> Aim of the exercise
Copy out the whole listing exactly as written, leaving the pictures behind.

> Recorded data
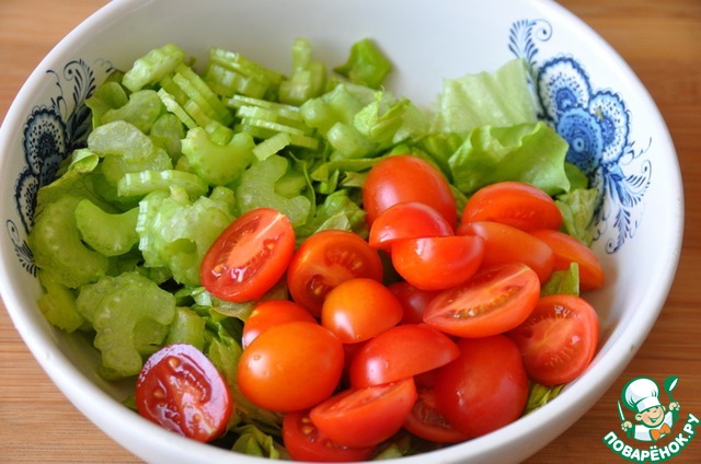 Листья салата рвём или режем произвольно. Стебель сельдерея режем поперёк полосками. Помидоры черри режем пополам. -
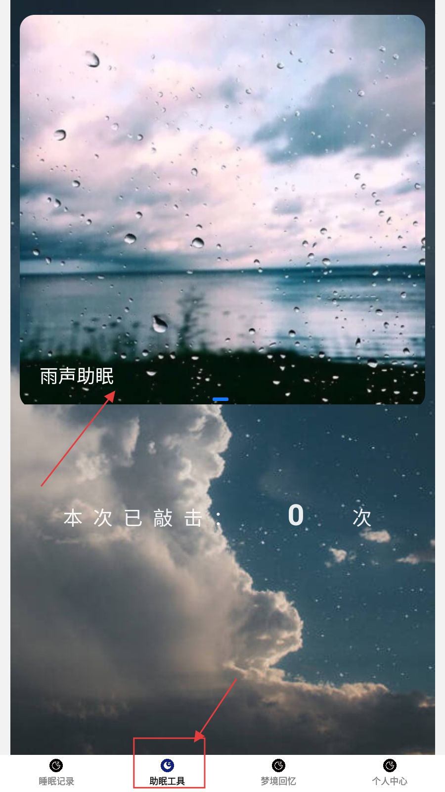 3、切换到【助眠工具】页,选择【雨声助眠】,借助环境音辅助入睡。
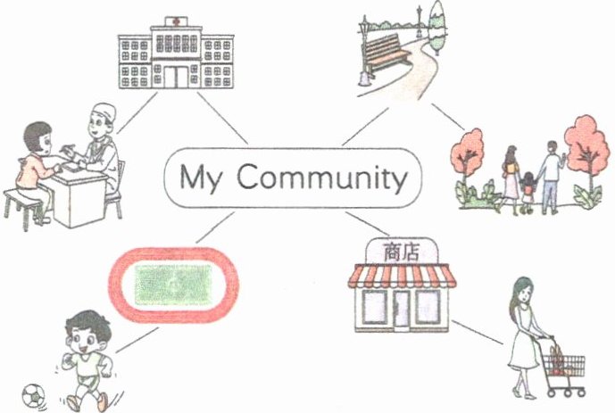 (动手能力)三、下面是Chenchen设计的梦想中的社区。根据设计图,补全句子,给大家介绍一下吧。
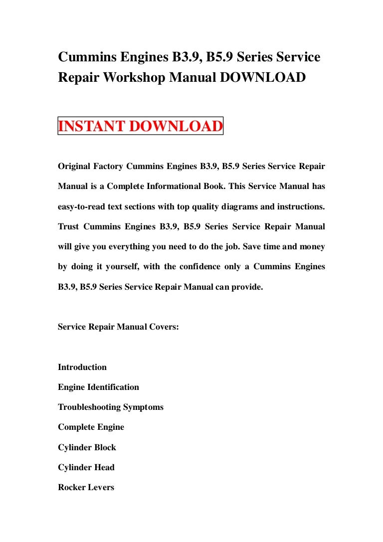 Cummins Engines B3.9, B5.9 Series Service Repair Workshop Manual DOWN…

> Answer to this task
 Листья салата рвём или режем произвольно. Стебель сельдерея режем поперёк полосками. Помидоры черри режем пополам. -
 3、切换到【助眠工具】页,选择【雨声助眠】,借助环境音辅助入睡。
 (动手能力)三、下面是Chenchen设计的梦想中的社区。根据设计图,补全句子,给大家介绍一下吧。
 Cummins Engines B3.9, B5.9 Series Service Repair Workshop Manual DOWN…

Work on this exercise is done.